Fix clusters in HDInsight with Apache Hadoop, Apache Spark, Apache Kafka, and more than

  • Overview
  • Azure portal
  • Azure Data Mill
  • Azure CLI
  • Azure PowerShell
  • REST API (whorl)
  • Azure Resource Manager templates

Learn how to set up and configure Apache Hadoop, Apache Spark, Apache Kafka, Interactive Query, Apache HBase, or Apache Storm in HDInsight. Likewise, learn how to customize clusters and add together security past joining them to a domain.
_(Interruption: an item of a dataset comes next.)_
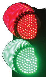
Traffic Lights Dual Aspect Red/ Green LED Lights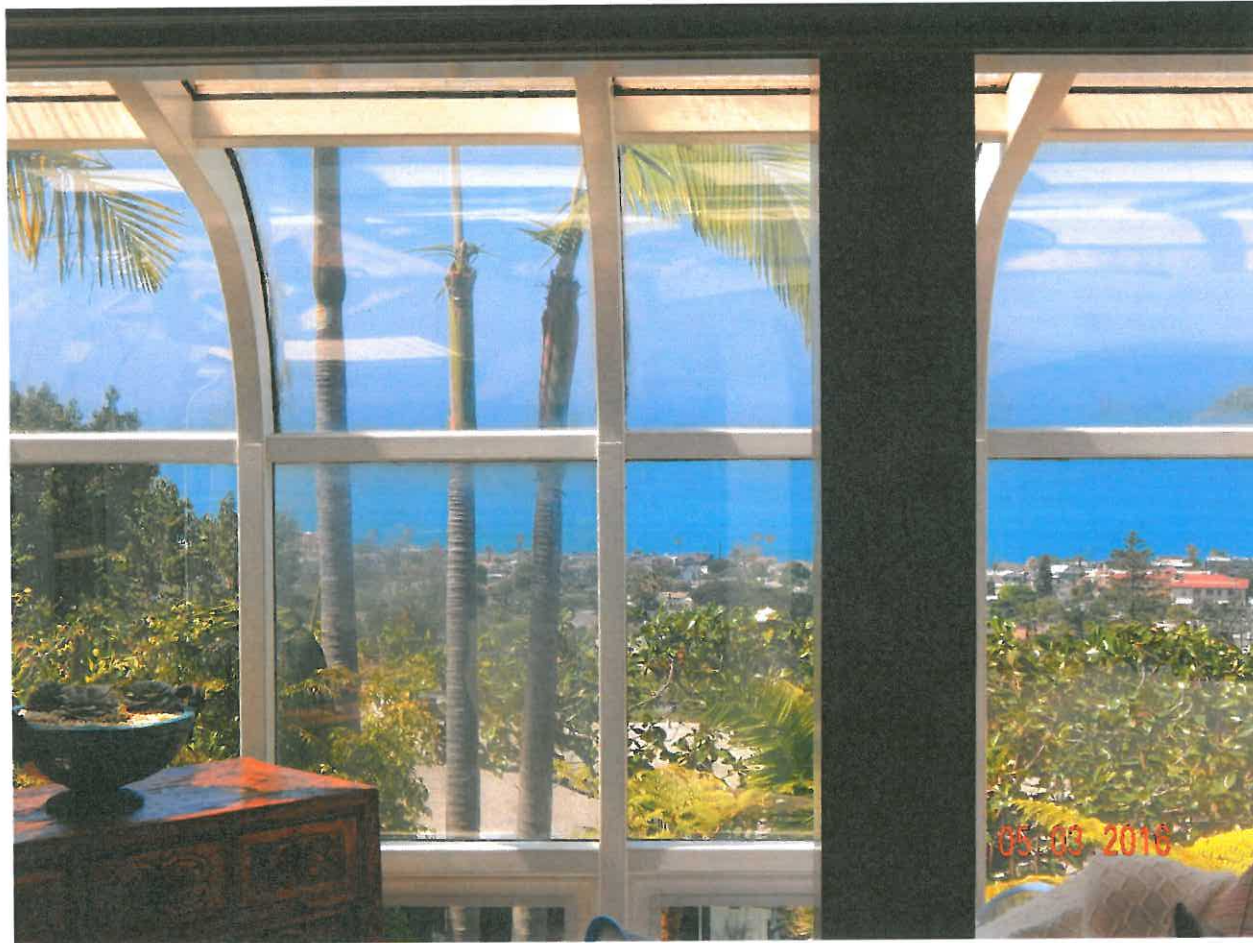
866 Coast View Dr.

The photograph above was taken from the Living room on the upper level of the primary residential structure.

A Hadoop cluster consists of several virtual machines (nodes) that are used for distributed processing of tasks. Azure HDInsight handles implementation details of installation and configuration of individual nodes, and then you but take to provide full general configuration data.

Of import

HDInsight cluster billing starts one time a cluster is created and stops when the cluster is deleted. Billing is pro-rated per minute, then you should ever delete your cluster when it is no longer in use. Acquire how to delete a cluster.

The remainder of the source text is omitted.